Task objective —
From the line containing "La prima maglia" to the last line of the data, both included, transcribe each line exactly, leaving out pictures and adding nothing.

Given information —
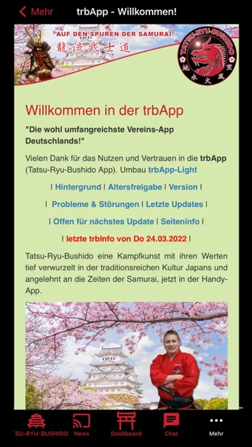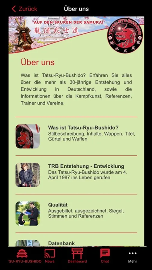 Tatsu-Ryu-Bushido eine Kampfkunst mit ihren Werten tief verwurzelt in der traditionsreichen Kultur Japans und angelehnt an die Zeiten der Samurai. Diese App ist ein MUSS für Mitglieder und ein SOLL für alle Kampfkunst, - Sport- und Kulturinteressierte.
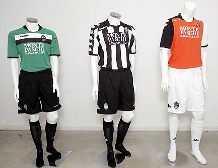 La prima maglia ufficiale del Siena calcio per la stagione 2009 2010 al centro. La seconda maglia del siena a sinistra. La terza maglia del Siena per la stagione 2009 2010 è a destra di colore arancione e nero. Lo sponsor del Siena è Monte dei Paschi di Siena.
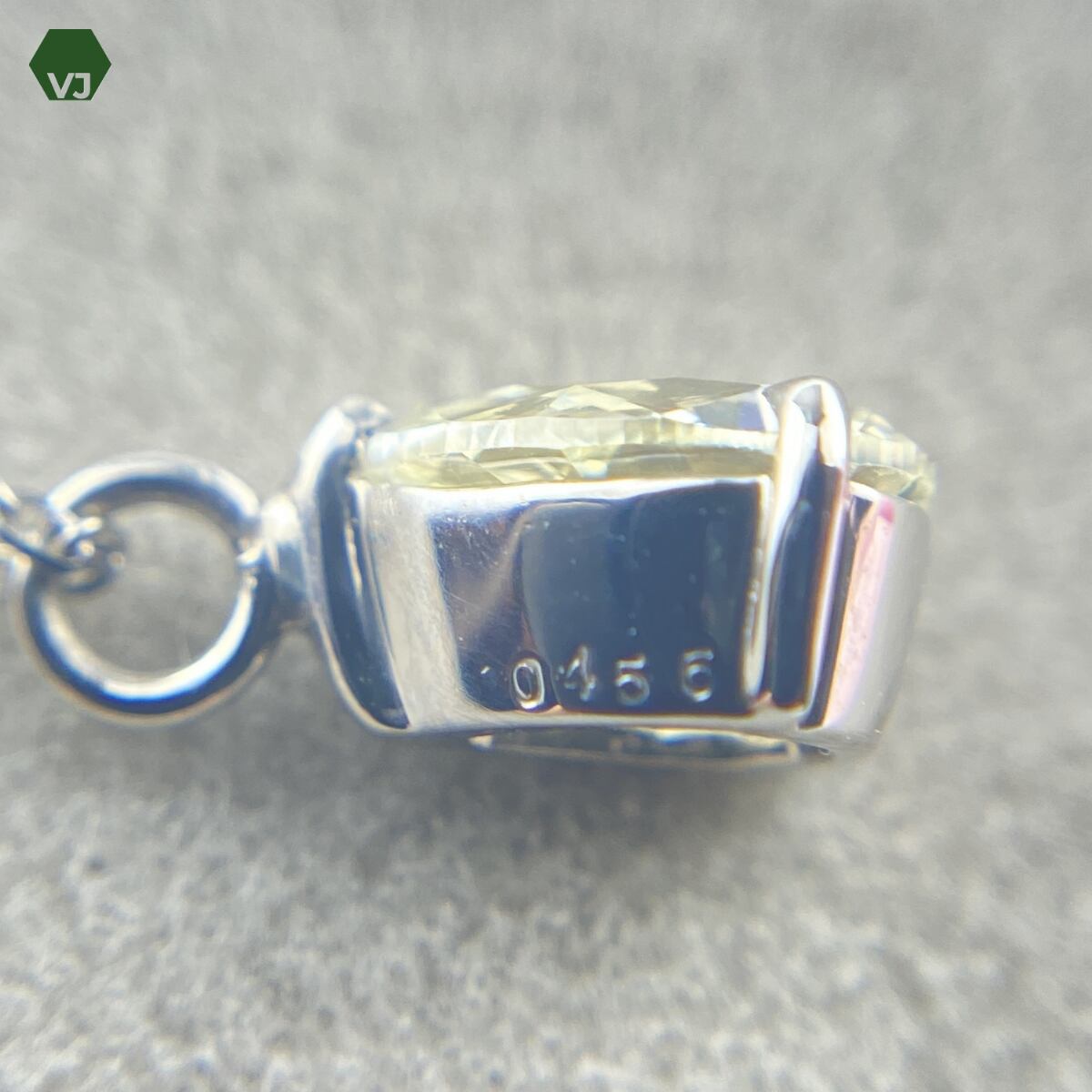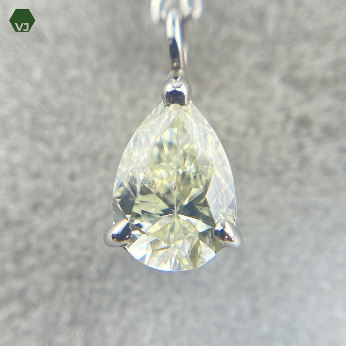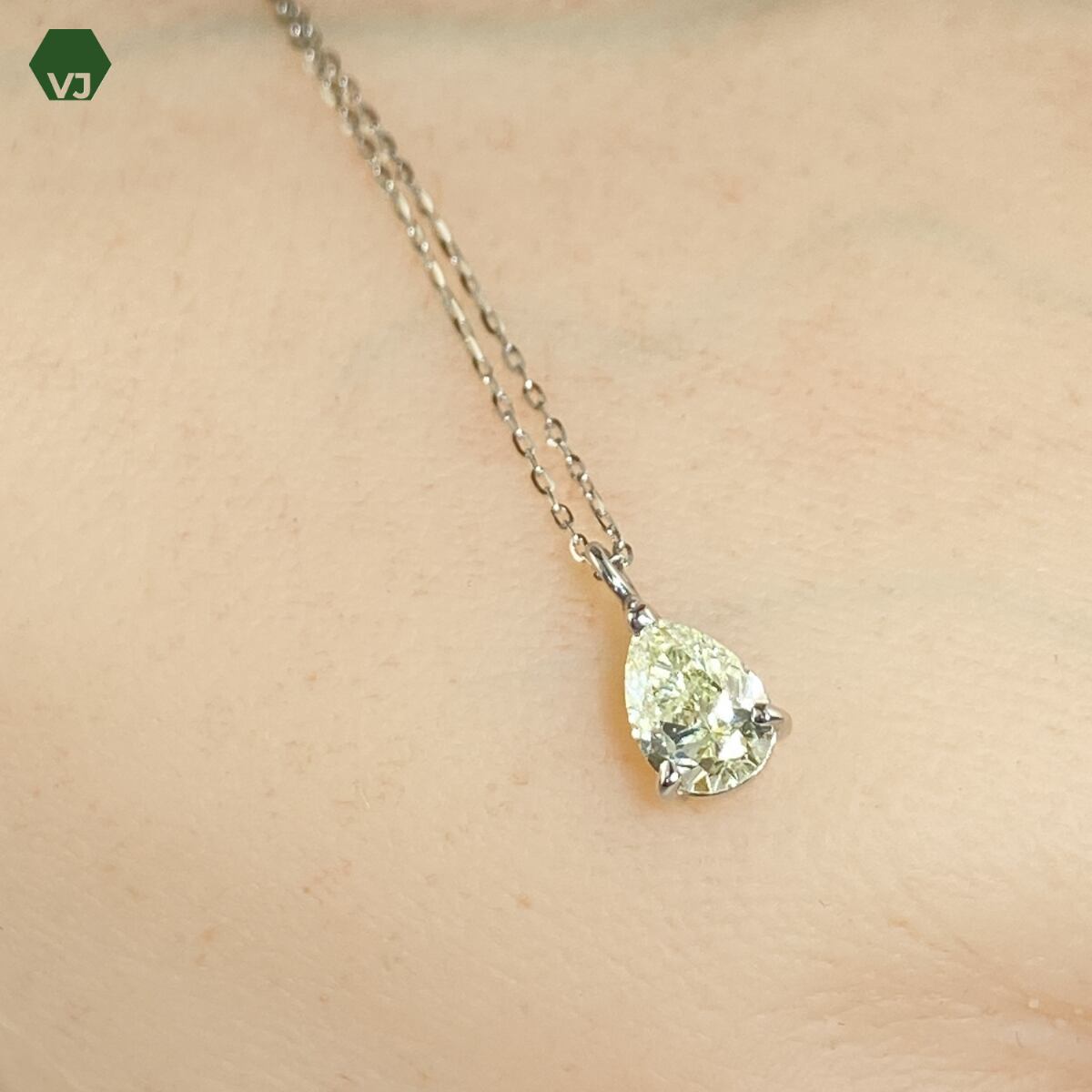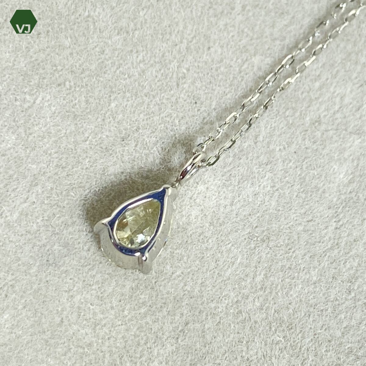 センターにはペアシェイプ(ティアドロップ)カットのダイヤモンド0.456ctをセッティング。やわらかなフォルムと流れるようなシルエットが女性らしさを引き立て、胸元に上品な印象を与えます。

Problem solution —
 La prima maglia ufficiale del Siena calcio per la stagione 2009 2010 al centro. La seconda maglia del siena a sinistra. La terza maglia del Siena per la stagione 2009 2010 è a destra di colore arancione e nero. Lo sponsor del Siena è Monte dei Paschi di Siena.
 センターにはペアシェイプ(ティアドロップ)カットのダイヤモンド0.456ctをセッティング。やわらかなフォルムと流れるようなシルエットが女性らしさを引き立て、胸元に上品な印象を与えます。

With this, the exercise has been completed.